## Prompt
With the pictures set aside, reproduce each entry precisely as it reads.

Stored items from a collection:
※

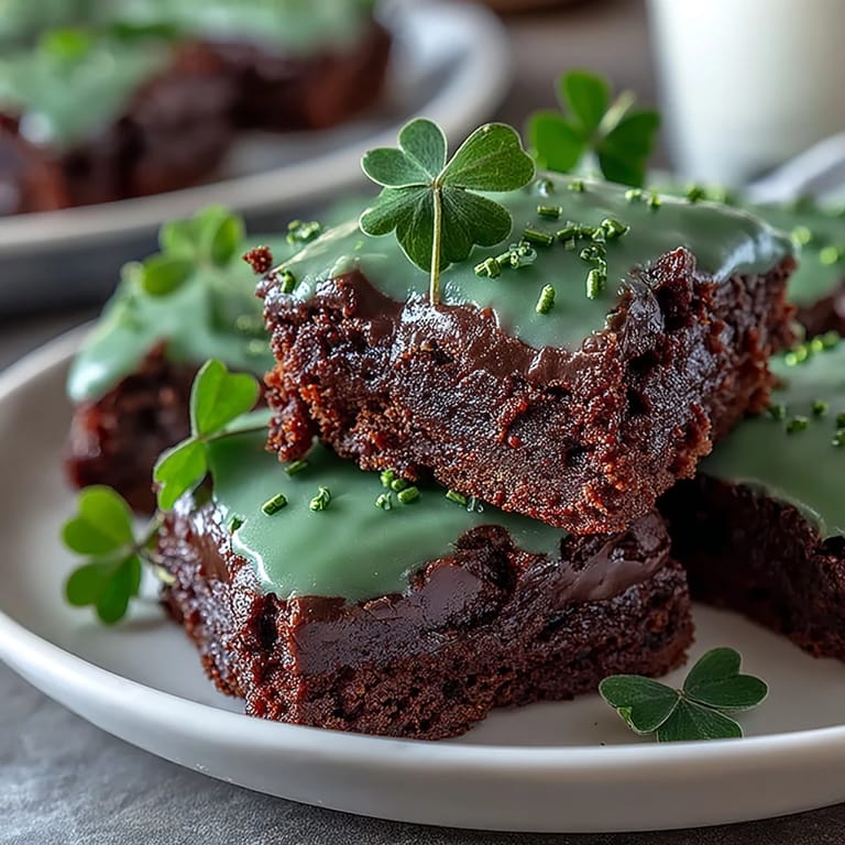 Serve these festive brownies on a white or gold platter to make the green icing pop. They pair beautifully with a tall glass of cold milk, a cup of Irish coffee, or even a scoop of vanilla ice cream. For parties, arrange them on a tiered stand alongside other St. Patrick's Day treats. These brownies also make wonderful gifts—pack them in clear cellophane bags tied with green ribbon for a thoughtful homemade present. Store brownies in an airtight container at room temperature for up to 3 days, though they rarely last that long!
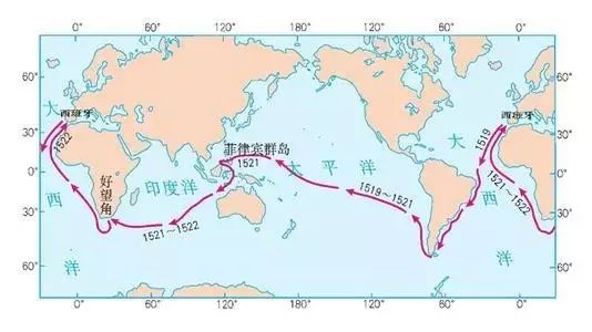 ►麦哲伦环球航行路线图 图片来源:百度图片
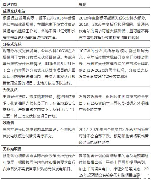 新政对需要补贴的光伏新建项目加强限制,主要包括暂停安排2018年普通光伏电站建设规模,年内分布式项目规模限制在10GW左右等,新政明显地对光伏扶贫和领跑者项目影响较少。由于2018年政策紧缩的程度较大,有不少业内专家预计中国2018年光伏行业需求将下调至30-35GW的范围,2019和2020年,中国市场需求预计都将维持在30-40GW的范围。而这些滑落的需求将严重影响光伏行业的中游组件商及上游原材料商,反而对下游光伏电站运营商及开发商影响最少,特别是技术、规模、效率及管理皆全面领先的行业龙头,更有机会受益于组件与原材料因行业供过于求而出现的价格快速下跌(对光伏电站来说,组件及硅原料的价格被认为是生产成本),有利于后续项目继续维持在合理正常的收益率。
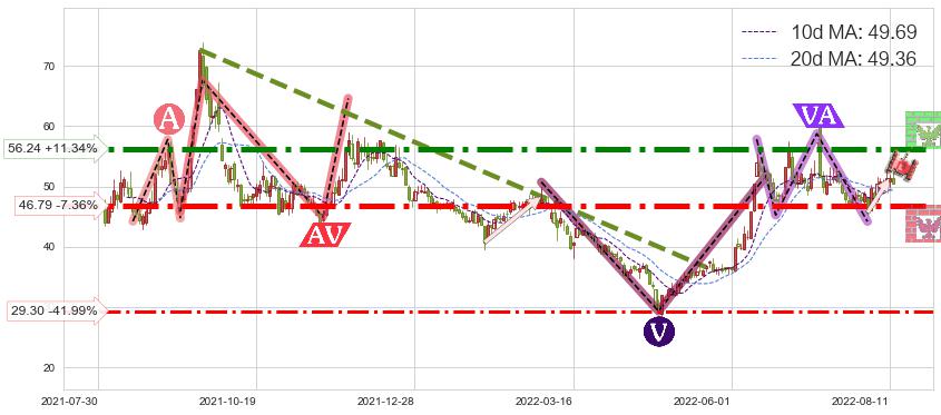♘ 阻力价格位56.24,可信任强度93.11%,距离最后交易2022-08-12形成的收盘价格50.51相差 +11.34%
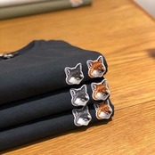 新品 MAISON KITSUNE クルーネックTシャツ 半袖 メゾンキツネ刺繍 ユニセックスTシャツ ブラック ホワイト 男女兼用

※

## Response box
 Serve these festive brownies on a white or gold platter to make the green icing pop. They pair beautifully with a tall glass of cold milk, a cup of Irish coffee, or even a scoop of vanilla ice cream. For parties, arrange them on a tiered stand alongside other St. Patrick's Day treats. These brownies also make wonderful gifts—pack them in clear cellophane bags tied with green ribbon for a thoughtful homemade present. Store brownies in an airtight container at room temperature for up to 3 days, though they rarely last that long!
 ►麦哲伦环球航行路线图 图片来源:百度图片
 新政对需要补贴的光伏新建项目加强限制,主要包括暂停安排2018年普通光伏电站建设规模,年内分布式项目规模限制在10GW左右等,新政明显地对光伏扶贫和领跑者项目影响较少。由于2018年政策紧缩的程度较大,有不少业内专家预计中国2018年光伏行业需求将下调至30-35GW的范围,2019和2020年,中国市场需求预计都将维持在30-40GW的范围。而这些滑落的需求将严重影响光伏行业的中游组件商及上游原材料商,反而对下游光伏电站运营商及开发商影响最少,特别是技术、规模、效率及管理皆全面领先的行业龙头,更有机会受益于组件与原材料因行业供过于求而出现的价格快速下跌(对光伏电站来说,组件及硅原料的价格被认为是生产成本),有利于后续项目继续维持在合理正常的收益率。
♘ 阻力价格位56.24,可信任强度93.11%,距离最后交易2022-08-12形成的收盘价格50.51相差 +11.34%
 新品 MAISON KITSUNE クルーネックTシャツ 半袖 メゾンキツネ刺繍 ユニセックスTシャツ ブラック ホワイト 男女兼用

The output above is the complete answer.